Representations of ${\displaystyle n}$ as a sum of three triangular numbers
${\displaystyle n\,}$ Representations Number of
representations
0 { {0, 0, 0} } 1
1 { {1, 0, 0} } 1
2 { {1, 1, 0} } 1
3 { {3, 0, 0}, {1, 1, 1} } 2
4 { {3, 1, 0} } 1
5 { {3, 1, 1} } 1
6 { {6, 0, 0}, {3, 3, 0} } 2
7 { {6, 1, 0}, {3, 3, 1} } 2
8 { {6, 1, 1} } 1
9 { {6, 3, 0}, {3, 3, 3} } 2
10 { {10, 0, 0}, {6, 3, 1} } 2
11 { {10, 1, 0} } 1
12 { {10, 1, 1}, {6, 6, 0}, {6, 3, 3} } 3
13 { {10, 3, 0}, {6, 6, 1} } 2
14 { {10, 3, 1} } 1
15 { {15, 0, 0}, {6, 6, 3} } 2
16 { {15, 1, 0}, {10, 6, 0}, {10, 3, 3} } 3

A002636 Number of representations of ${\displaystyle n}$ as a sum of up to three nonzero triangular numbers.

{1, 1, 1, 2, 1, 1, 2, 2, 1, 2, 2, 1, 3, 2, 1, 2, 3, 2, 2, 2, 1, 4, 3, 2, 2, 2, 2, 3, 3, 1, 4, 4, 2, 2, 3, 2, 3, 4, 2, 3, 3, 2, 4, 3, 2, 4, 4, 2, 4, 4, 1, 4, 5, 1, 2, 3, 4, 6, 4, 3, 2, 5, 2, 3, 3, 3, 6, 5, 2, 2, 5, 3, 5, 4, 2, 4, 5, 3, 4, ...}

## Even perfect numbers

Every even perfect number is a triangular number, since they are a subset of

${\displaystyle 2^{n-1}\cdot (2^{n}-1)={\frac {(2^{n}-1)2^{n}}{2}}=t_{2^{n}-1},\,}$

where ${\displaystyle \scriptstyle 2^{n}-1\,}$ is [necessarily, but not sufficiently] a Mersenne prime.

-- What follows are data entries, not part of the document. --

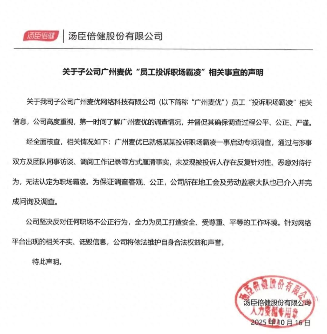 DoNews10月16日消息,10月16日,汤臣倍健发布关于子公司广州麦优“员工投诉职场霸凌”相关事宜的声明。经全面核查,相关情况如下:广州麦优已就杨某某投诉职场霸凌一事启动专项调查,通过与涉事双方及团队同事访谈、调阅工作记录等方式厘清事实,未发现被投诉人存在反复针对性、恶意对待行为,无法认定为职场霸凌。为保证调查客观、公正,公司所在地工会及劳动监察大队也已介入并完成问询及调查。
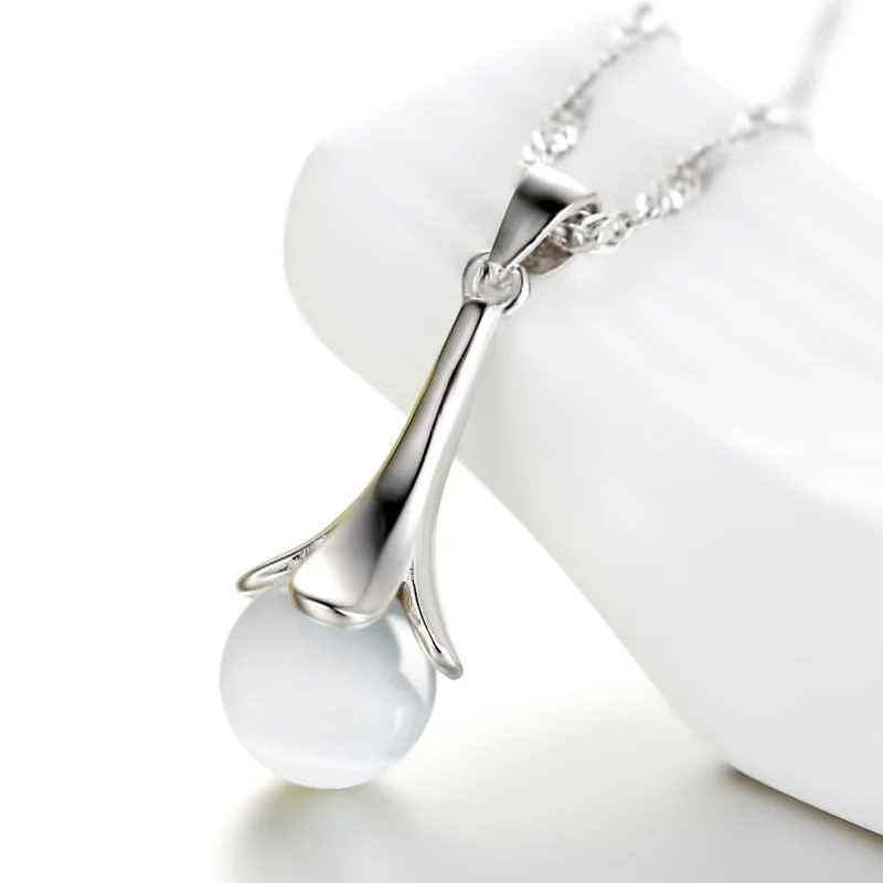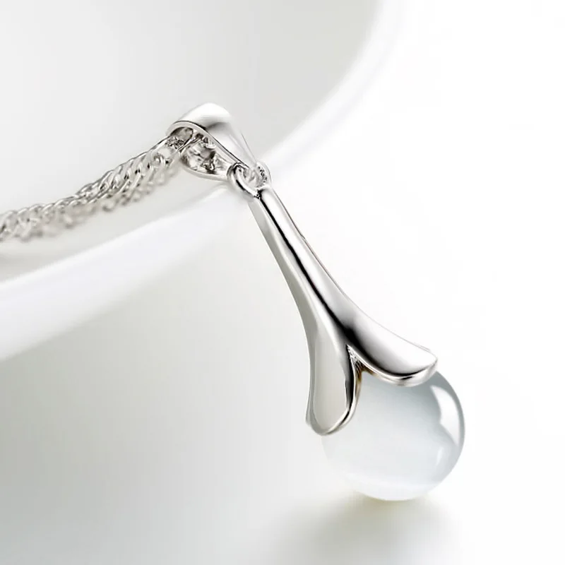 Серебряный цвет капля воды удачи лист красный черный камень жемчуг Опал хрустальный шар кулон ожерелье ювелирные изделия для женщин
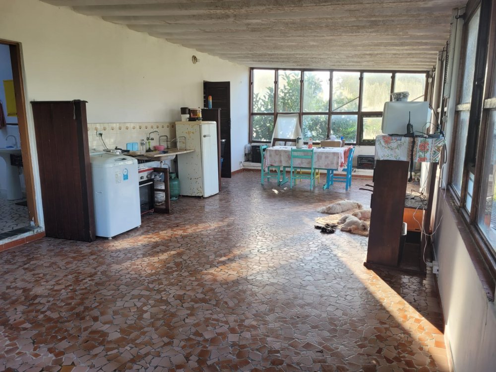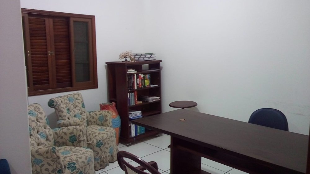 SOBRADO há 400 mts da praia onde na parte de cima tem um salão de ponta a ponta do terreno, com cozinha e a.s. aberta tipo americana, 1 banheiro,3 Dorms.c/ 1 suíte e mais um solarium. No térreo tem as 5 vagas de carro, deposito, area de lazer coberta com churrasqueira e forno, sala com 3 ambientes, cozinha, lavabo, 1 banheiro.
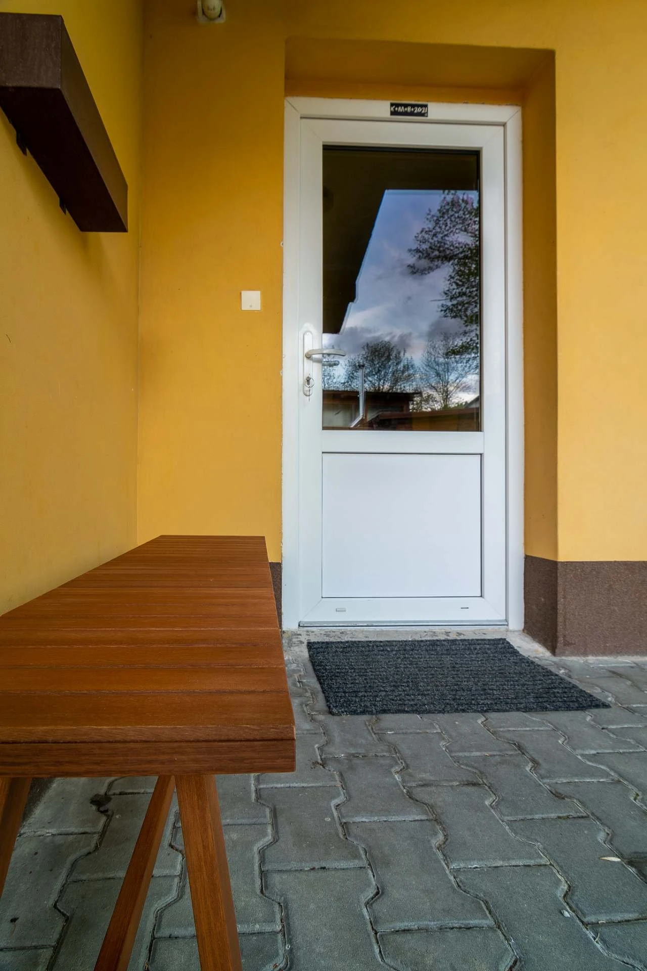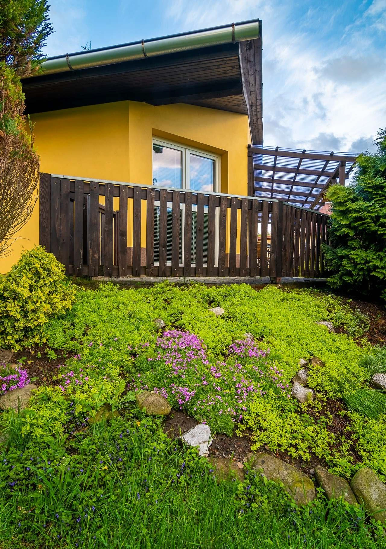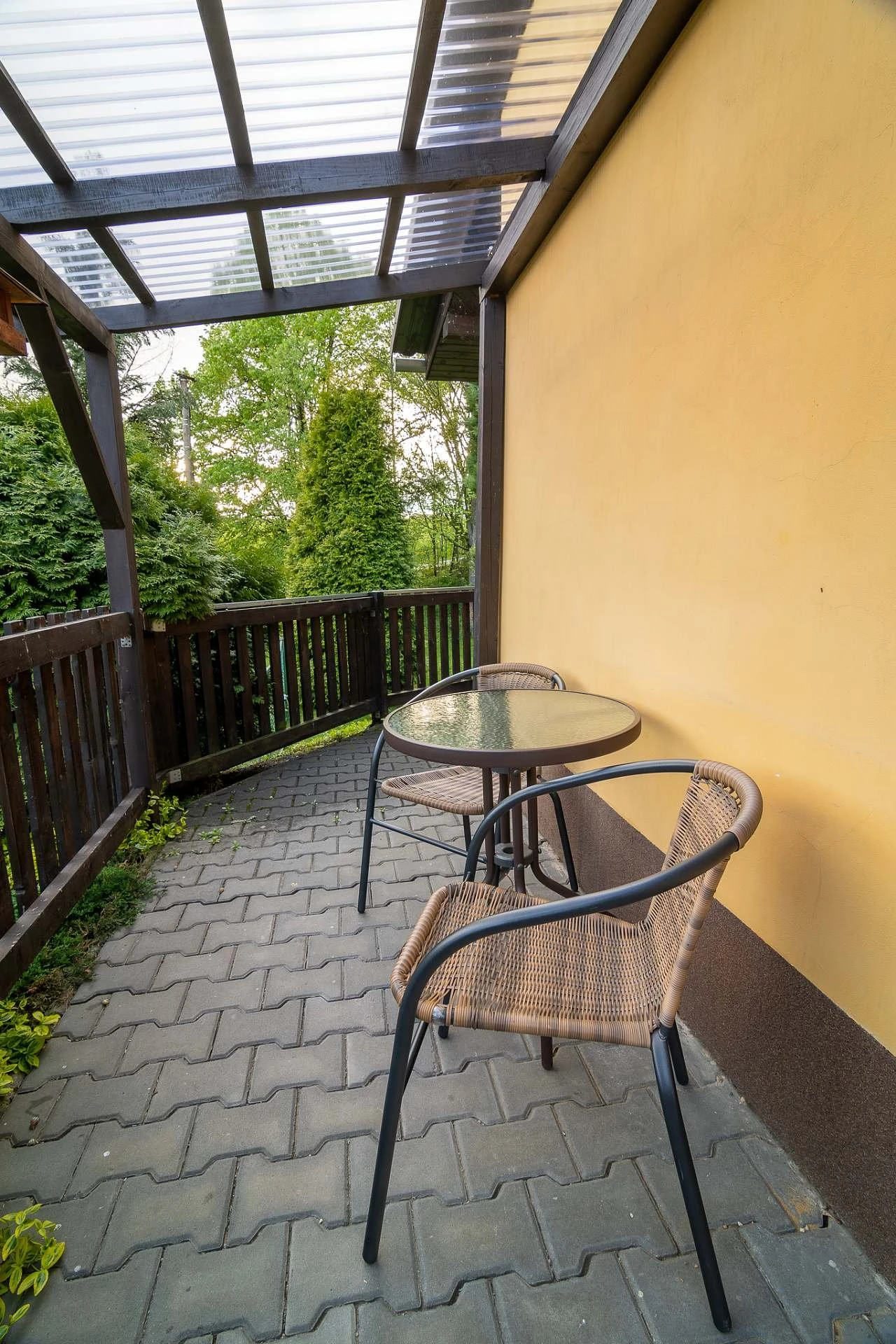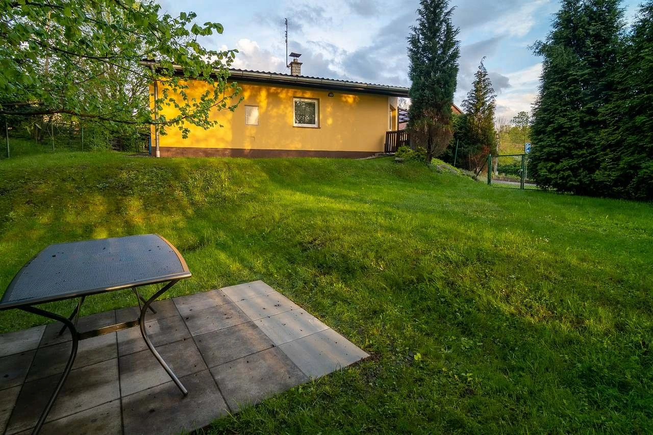 Součástí je oplocená zahrada, která umožňuje využití venkovního prostoru bez přístupu zvenčí. K dispozici je také venkovní posezení a krytá terasa u přední části domu.
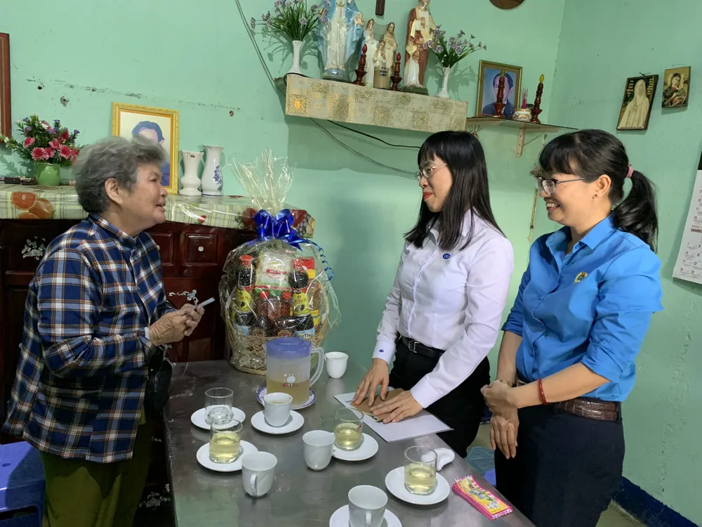 Bà Trần Thị Diệu Thúy, Chủ tịch Liên đoàn Lao động TPHCM thăm hỏi nhân viên CEP
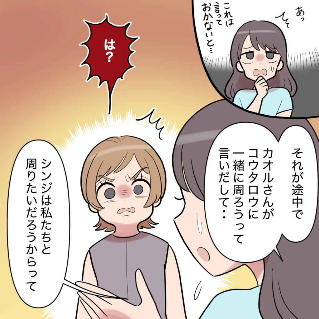 リンさんに今日の様子を聞かれた私は、これだけは伝えておかなければと思い「それが途中で、カオルさんがコウタロウに一緒に周ろうって言い出して・・・シンジは私たちと周りたいだろうからって」と、カオルさんに誘われた時のことを話しました。するとたリンさんは「は?」と眉を吊り上げ、コウタロウをジロリとにらみつけます。
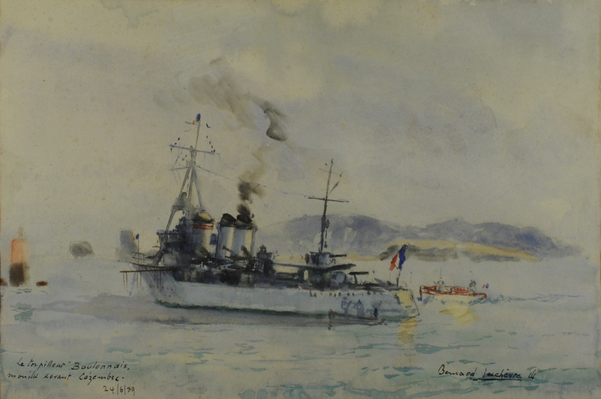 Bernard LACHÈVRE (Le Havre, 1885 - Honfleur, 1950)." Le torpilleur...
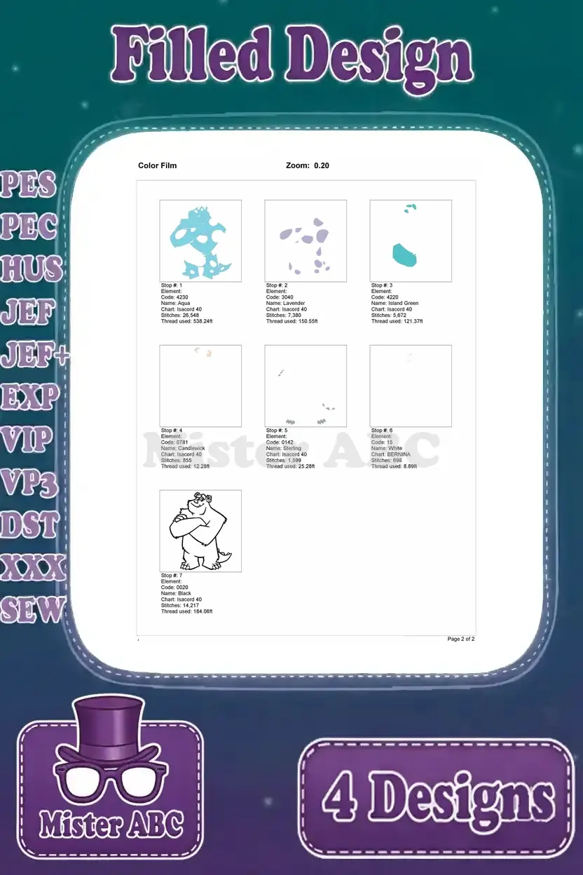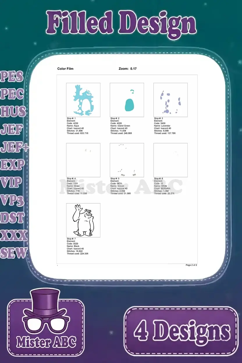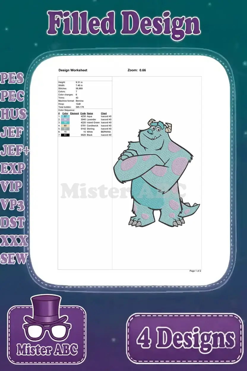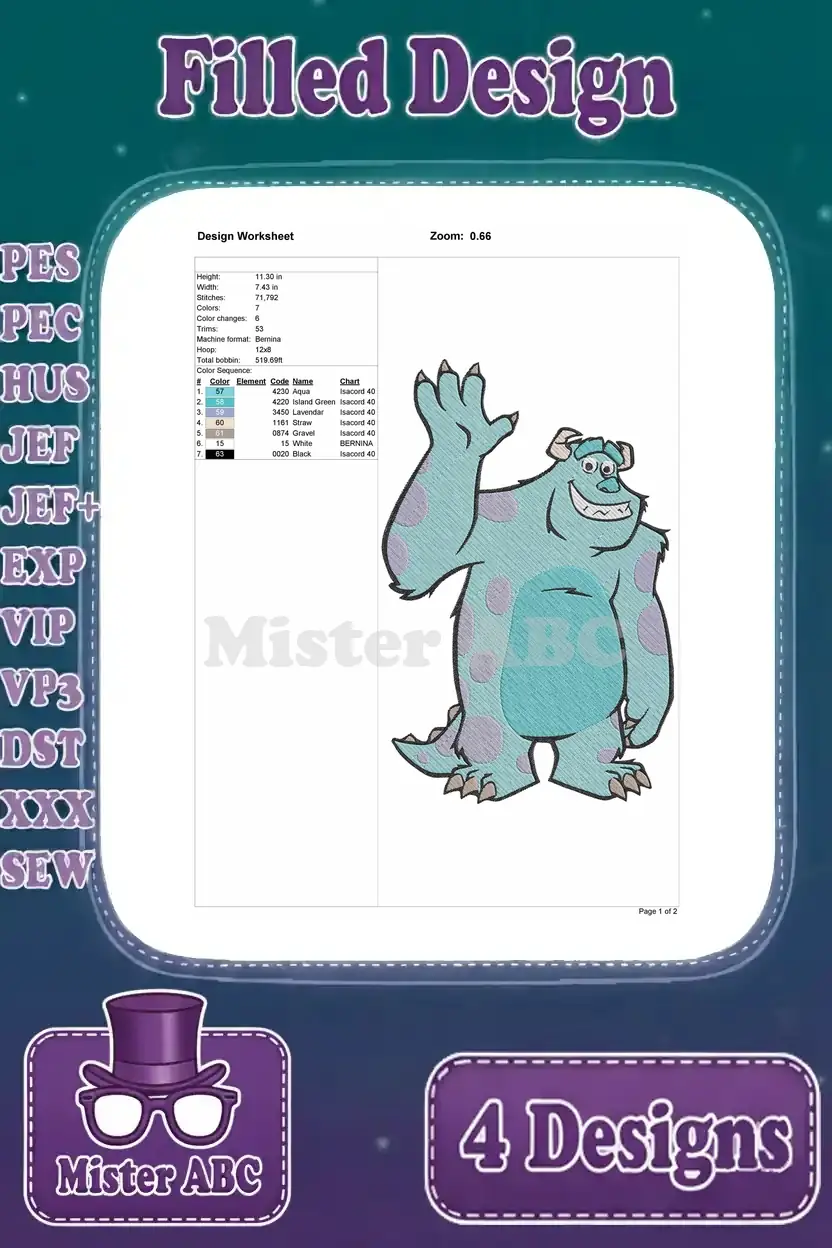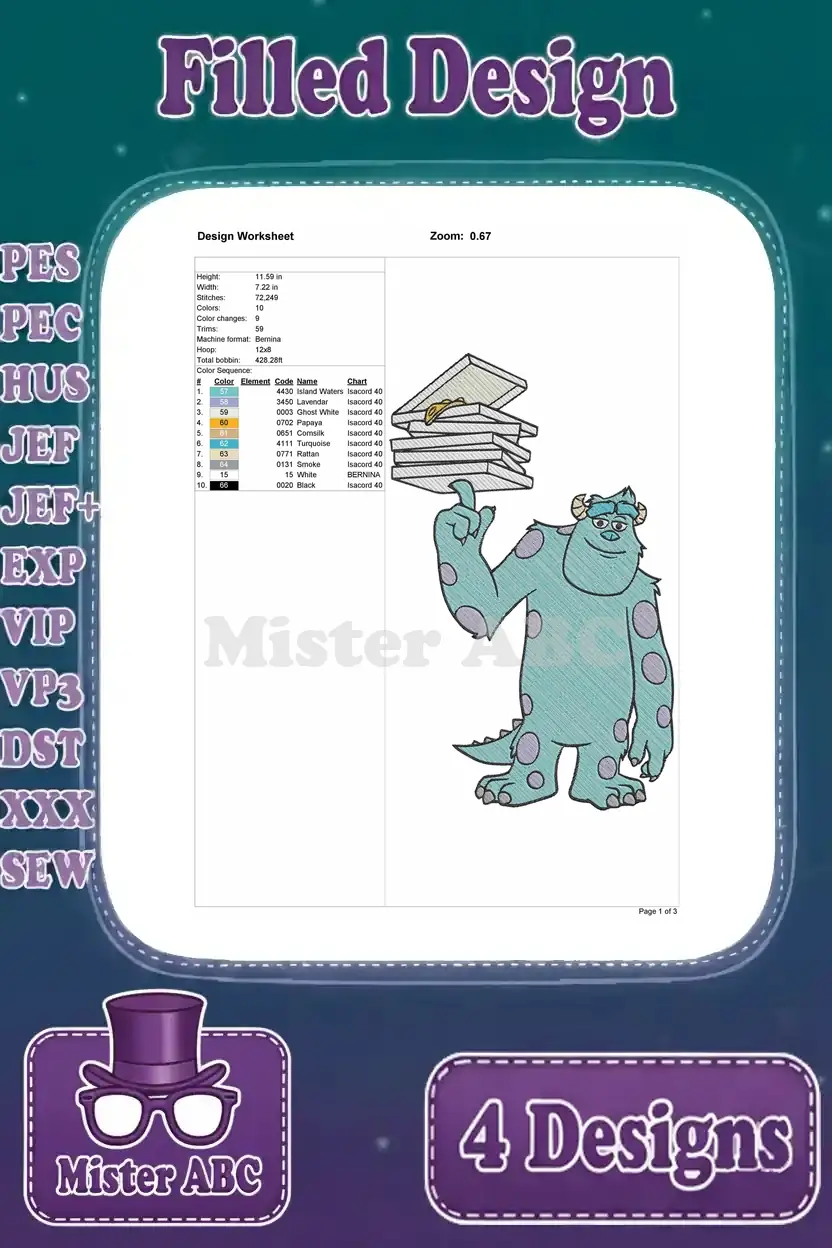 Disney Pixar Monsters Inc Henry Waternoose Ceo Sulley Sullivan Scaring Papers Blue Monster Set – Filled Embroidery Design
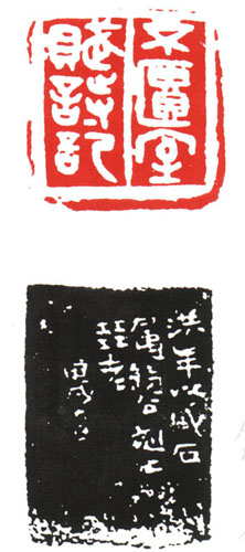 大厂印款亦极别致,阴刻单刀款逸笔草草,颇近六朝砖文,阳刻造像,古拙天真,皆有情趣。
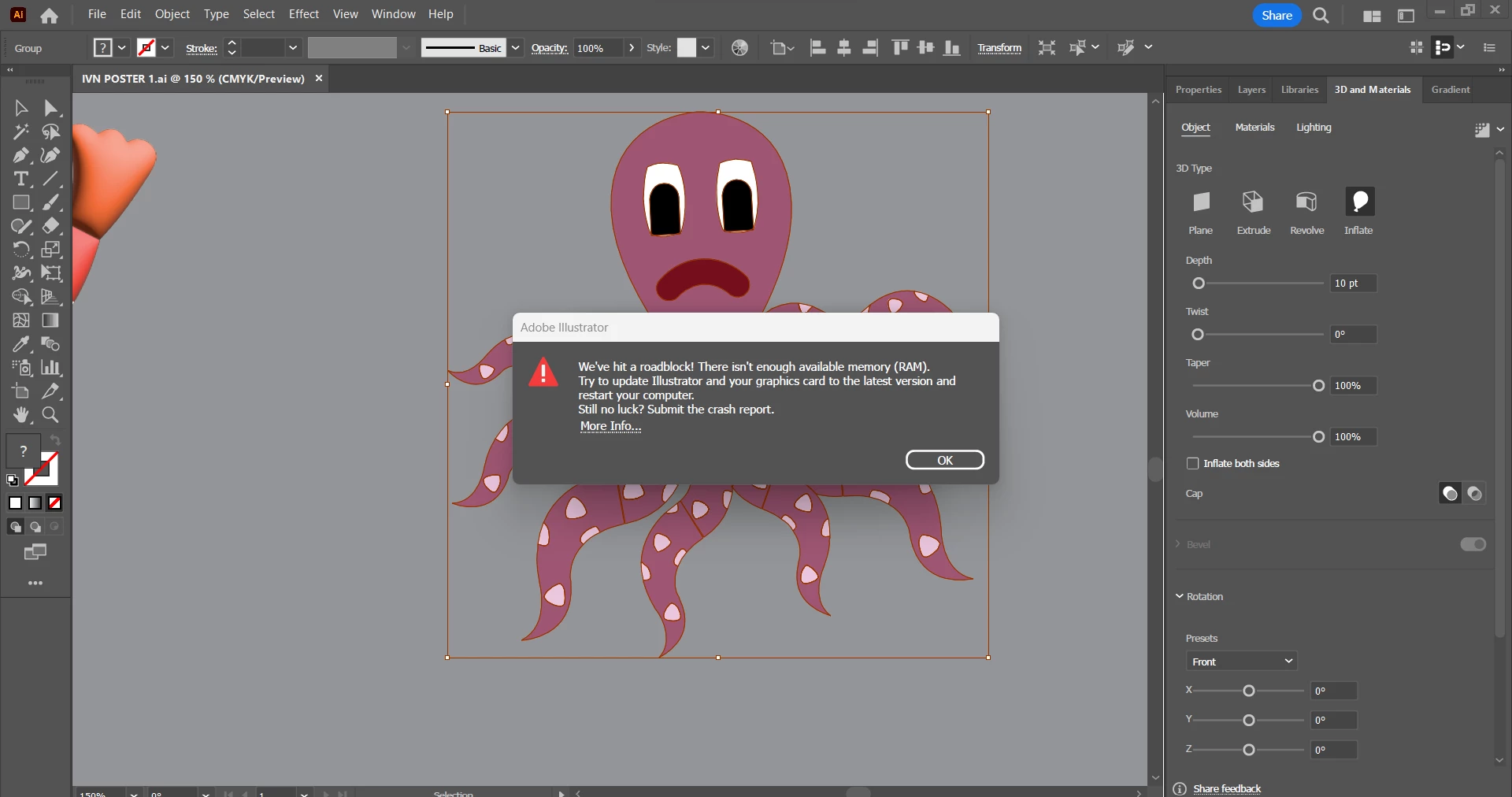 ILLUSTRATOR CRASH DUE TO MEMORY ISSUES

Every even perfect number is also an hexagonal number, since they are a subset of

${\displaystyle 2^{n-1}\cdot (2^{n}-1)=2^{n-1}\cdot (2\cdot 2^{n-1}-1)=h_{2^{n-1}},\,}$

where ${\displaystyle \scriptstyle 2^{n}-1\,}$ is [necessarily, but not sufficiently] a Mersenne prime.

## Notes

1. Antonella Cupillari, The Nuts and Bolts of Proofs, Belmont, California: Wadsworth Publishing Company (1989): 13–14.